The Office of the Comptroller of the Currency has released a 376-page proposal to implement the Guiding and Establishing National Innovation for US Stablecoins Act, setting out operational rules for federally supervised payment stablecoin issuers.
Under the draft rule, issuers would be prohibited from paying any form of interest or yield on payment stablecoins, whether in cash, tokens or other consideration, solely in connection with holding or using the stablecoin.
The proposal also introduces a rebuttable presumption that issuers violate the yield ban if they route payments through affiliates or related third parties that then distribute rewards to stablecoin holders, framing such structures as highly likely attempts to evade the statute.
Two carve-outs are included, clarifying that merchants may independently offer discounts for stablecoin payments and that issuers may share profits with non-affiliate partners in certain white-label arrangements.
The rule stems from the GENIUS Act, enacted in July 2025, which created a federal framework restricting US payment stablecoin issuance to licensed entities such as bank subsidiaries and designated federal or large state-regulated issuers.
If finalised as drafted, the rule could influence the separate Digital Asset Market Clarity Act of 2025 debate by establishing a no-yield baseline at the issuer level, potentially narrowing the scope for rewards on regulated payment stablecoins.
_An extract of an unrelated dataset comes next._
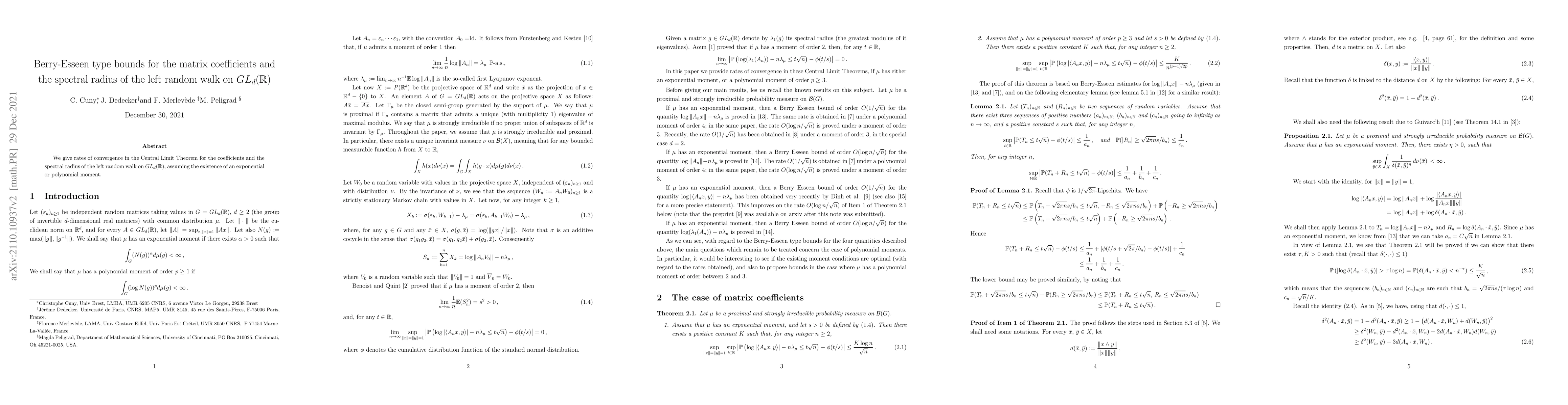 This paper establishes rates of convergence in the Central Limit Theorem for coefficients and spectral radius of the left random walk on GLd(R), with moments assuming exponential or polynomial form.

For companies such as Coinbase, which have advocated for the ability to offer yield on stablecoin balances within a regulated framework, the proposal signals a firm regulatory boundary between GENIUS-compliant payment stablecoins and yield-bearing products.
The proposal is open for public comment for 60 days, after which the OCC may revise or finalise the rule, shaping how stablecoin economics operate under US banking supervision.